__Task goal__. Scan the records below for the word "Weerribben". Copy each line where it appears.

---

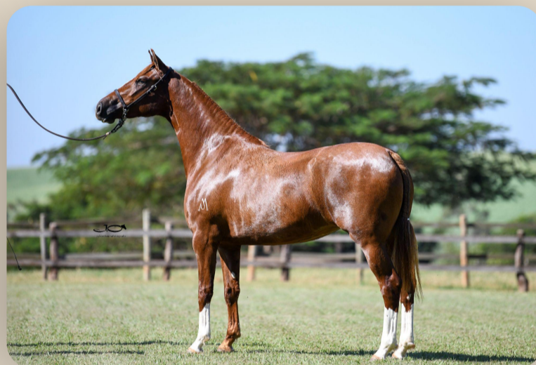
Ópera da Araxá
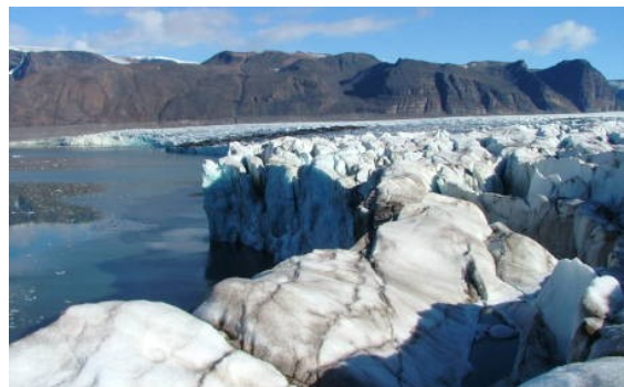
wie Gletscher – hier Blick in die Front des Mittag-Lefflerbreens

Die Tour führt durch eine Region abseits der gängigeren Wandergebiete Spitzbergens. Anders als in Nepal oder anderen Massen-Trekkingregionen sind hier pro Sommer kaum 100 Menschen unterwegs. Seit 1994 ist die Tour regulärer Bestandteil unseres Programms und erwies sich als sehr gut passend für den kleinen Kreis echter Trekking-enthusiasten.
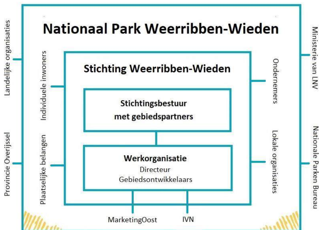
Figuur 2: Belangenveld van NP Weerribben-Wieden. In het midden staat Stichting Weerribben-Wieden, met daaromheen stakeholders binnen en buiten het Nationaal Park waarmee de samenwerking wordt gezocht.

We hebben een kleine, maar sterke organisatie nodig om onze rol in te kunnen vullen. In 2021 is er een kernteam Stichting Wieden-Weerribben opgebouwd: een directeur en een aantal gebiedsontwikkelaars, zowel met expertise in natuur en landbouw als met expertise in toerisme en erfgoed. Expertise op gebied van marketing, educatie en communicatie komt momenteel van IVN Natureducatie en MarketingOost. Er is de wens om in de nabije toekomst ook een communicatiemedewerker in te huren. De uitvoerders van IVN en MarketingOost zijn erg nauw betrokken bij de werkorganisatie. De werkorganisatie neemt de rol van gebiedsaanjager en -ontwikkelaar en gebiedspromotor op zich.
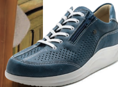
766241 SS ブルー 2-9 ⑧
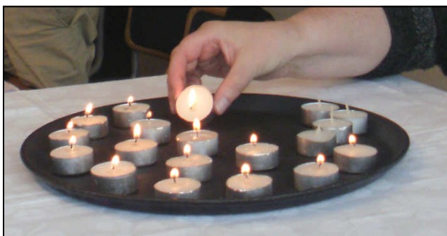
Ljuständning vid parentationen i årsmötet i maj.
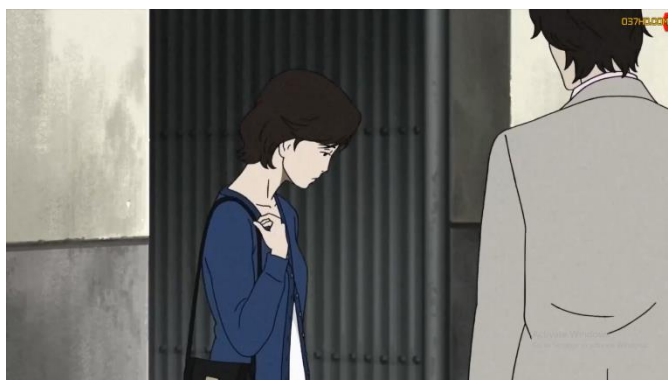
ภาพที่ 7 แม่ของมาโคโตะเดินออกจากโรงแรมมากับครูสอนเต้น

จากฉากที่มาโคโตะบังเอิญเห็นแม่ของเขาเดินออกมาจากโรงแรมกับครูสอนเต้นฟลามิงโก้ ทำให้เขาเกิดความผิดหวัง ซึ่งเป็นความเจ็บปวดทางอารมณ์ที่เกิดจากรู้สึกสูญเสีย ความสิ้นหวัง การไร้ความช่วยเหลือ ความหมดหวัง และความเสียใจ เหมือนโลกทั้งใบของเขานั้นพังทลายและเขานั้นกลายเป็นคนเงียบหรือเซื่องซึมเก็บตัวจากผู้อื่น
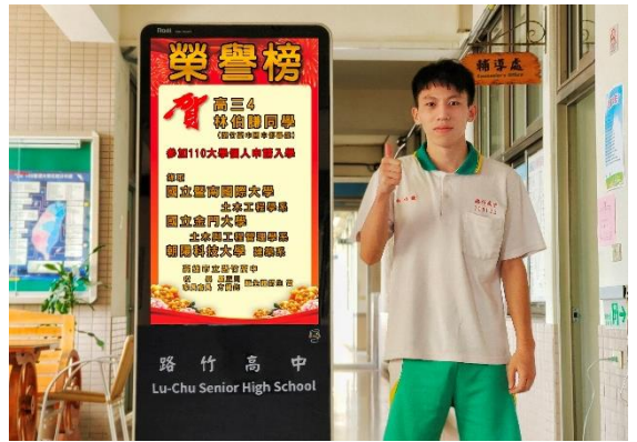
錄取大學榜單合照
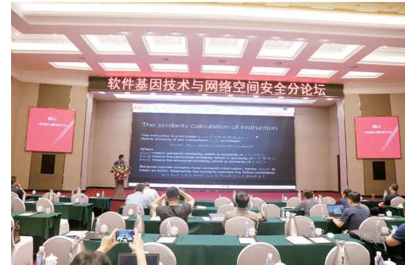
软件基因技术与网络空间安全分论坛
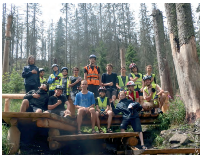
Cyklisté u pramene

I když už jsem seděla v letadle, neměla jsem ponětí, co mě vlastně
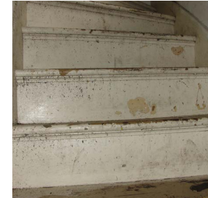
Antes de los controles provisionales de pintura de plomo

---

__Written reply__.
Figuur 2: Belangenveld van NP Weerribben-Wieden. In het midden staat Stichting Weerribben-Wieden, met daaromheen stakeholders binnen en buiten het Nationaal Park waarmee de samenwerking wordt gezocht.
We hebben een kleine, maar sterke organisatie nodig om onze rol in te kunnen vullen. In 2021 is er een kernteam Stichting Wieden-Weerribben opgebouwd: een directeur en een aantal gebiedsontwikkelaars, zowel met expertise in natuur en landbouw als met expertise in toerisme en erfgoed. Expertise op gebied van marketing, educatie en communicatie komt momenteel van IVN Natureducatie en MarketingOost. Er is de wens om in de nabije toekomst ook een communicatiemedewerker in te huren. De uitvoerders van IVN en MarketingOost zijn erg nauw betrokken bij de werkorganisatie. De werkorganisatie neemt de rol van gebiedsaanjager en -ontwikkelaar en gebiedspromotor op zich.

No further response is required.